Dünya Diyabet Günü, diyabetin küresel ölçekte farkındalığını artırmak, diyabetle yaşayan bireylerin yaşam koşullarını iyileştirmek ve hastalığın önlenmesi ile yönetimi konusunda toplumsal bilinci geliştirmek amacıyla her yıl 14 Kasım tarihinde anılan uluslararası bir gündür. Bu tarih, insülinin keşfinde önemli rol oynayan Kanadalı bilim insanı Dr. Frederick Banting’in doğum günü olması nedeniyle seçilmiştir. 1991 yılında Uluslararası Diyabet Federasyonu (International Diabetes Federation – IDF) ve Dünya Sağlık Örgütü (World Health Organization – WHO) tarafından başlatılmış, 2006 yılında Birleşmiş Milletler Genel Kurulu tarafından kabul edilerek resmî bir sağlık günü haline getirilmiştir.
Tarihçe
Diyabetin küresel bir halk sağlığı sorunu olarak giderek artması, 20. yüzyılın sonlarında uluslararası ölçekte farkındalık çalışmalarını gerekli kılmıştır. Bu doğrultuda IDF ve WHO, 1991 yılında ilk kez Dünya Diyabet Günü’nü düzenlemiş, etkinliklerin amacı toplumların diyabetin nedenleri, belirtileri, komplikasyonları ve önleme yöntemleri hakkında bilgilendirilmesi olmuştur. 2006 yılında Birleşmiş Milletler Genel Kurulu’nun 61/225 sayılı kararıyla bu gün, resmî uluslararası farkındalık günü olarak kabul edilmiştir. Kararda diyabetin ölüm, körlük, böbrek yetmezliği, kalp krizi ve alt ekstremite amputasyonlarının başlıca nedenlerinden biri olduğu vurgulanmıştır.
Sembol ve Renk
Dünya Diyabet Günü’nün uluslararası sembolü mavi halkadır. Bu sembol, gökyüzünün ve Birleşmiş Milletler bayrağının rengini temsil eden mavi renkle küresel birliği simgeler. Mavi halka, diyabete karşı küresel dayanışmayı, yaşamı ve umudu ifade eder.
Temalar ve Sloganlar
Diyabet farkındalığını artırma ve destekleme çabaları kapsamında, 2021-2023 yılları arasında ana tema "Diyabet Bakımına Erişim" olarak belirlenmiş, 2023'te ise özel olarak "Riskinizi Bilin, Sorumluluğunuzu Bilin" sloganına odaklanılmıştır. Bu çalışmalar, diyabetli bireylerin ihtiyaç duyduğu bakım ve desteğe ulaşmasını sağlamayı, erken tanıyı teşvik etmeyi ve tip 2 diyabetin ortaya çıkma riskini azaltmayı amaçlamıştır. Mevcut olarak ise 2024-2026 dönemi teması "Diyabet ve Esenlik" olarak belirlenmiş olup, Türkiye'de bu kapsamda kullanılan sloganlardan biri de "Çemberin Dışında Kal"dır. Bu temaların tümü, diyabet yönetimi ve önlenmesine yönelik küresel ve ulusal çabaların stratejik odağını oluşturmaktadır.

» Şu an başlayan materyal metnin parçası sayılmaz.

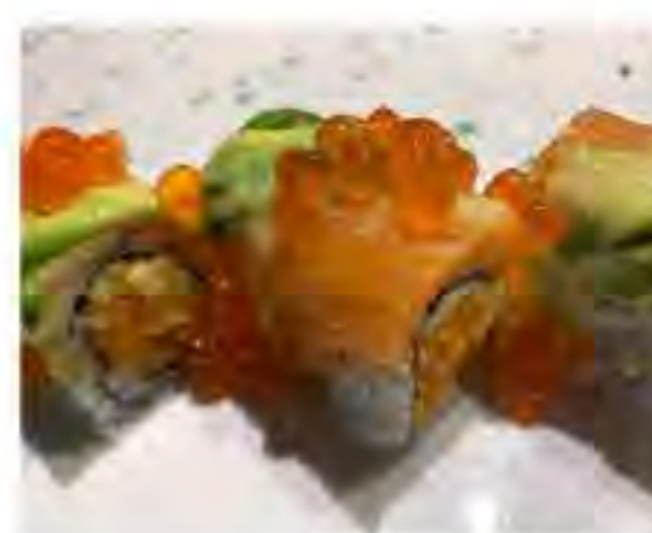
Salmon Family 21 8pcs Spicy Salmon, Mango & Crunch Topped with Salmon, Smoked Salmon Avocado & Ikura with Mango Sauce

Küresel Önemi ve Yaygınlık
Diyabet mellitus, insülin hormonunun yetersizliği veya etkisizliği sonucu ortaya çıkan kronik hiperglisemi (kan şekeri yüksekliği) ile seyreden metabolik bir bozukluktur. Dünya genelinde yaygın bir kronik hastalık olarak kabul edilmektedir. Dünyada her on yetişkinden biri diyabetle yaşamaktadır ve bunların büyük çoğunluğu tip 2 diyabettir. Diyabetli bireylerin önemli bir kısmı, özellikle düşük ve orta gelirli ülkelerde, hastalıklarını yönetmek için gerekli bakım ve tedavilere erişememektedir. Türkiye’de de yetişkin nüfusun önemli bir kısmı diyabetle yaşamaktadır ve bu oran giderek artmaktadır.

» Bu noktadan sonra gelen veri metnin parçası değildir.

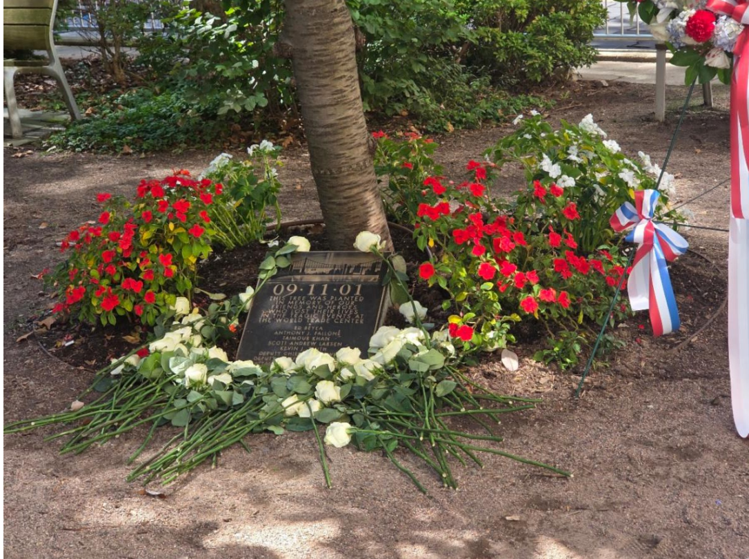
Floral wreath and white roses placed at the 9/11 Roosevelt Island Memorial.

Diyabet, yalnızca bireysel bir sağlık sorunu değil, aynı zamanda sosyal, ekonomik ve sağlık sistemi açısından önemli sonuçlar doğuran bir hastalıktır. Dünya Diyabet Günü, ülkelerin sağlık politikalarında diyabetin önlenmesi ve tedavisine yönelik stratejilerin güçlendirilmesi için bir fırsat oluşturur.
Kan Şekeri Ölçüm Aletleri (Anadolu Ajansı)
Farkındalık ve Eğitim Çalışmaları
Dünya Diyabet Günü kapsamında her yıl farklı bir tema belirlenir. Temalar, diyabetin farklı boyutlarına dikkat çekmeyi amaçlar; örneğin diyabet eğitimi, erken tanı, sağlıklı yaşam biçimi veya diyabetle yaşam kalitesi. IDF’nin kampanyaları, risk faktörlerinin bilinmesi ve erken tanının önemi gibi konular üzerinde yoğunlaşır. Sağlık otoriteleri, dernekler ve sivil toplum kuruluşları tarafından bilgilendirici etkinlikler, tarama programları, yürüyüşler ve aydınlatma kampanyaları düzenlenir. Türkiye’de de bu gün kapsamında her yıl sağlık kuruluşları, üniversiteler ve sivil toplum kuruluşları tarafından farkındalık etkinlikleri düzenlenmektedir.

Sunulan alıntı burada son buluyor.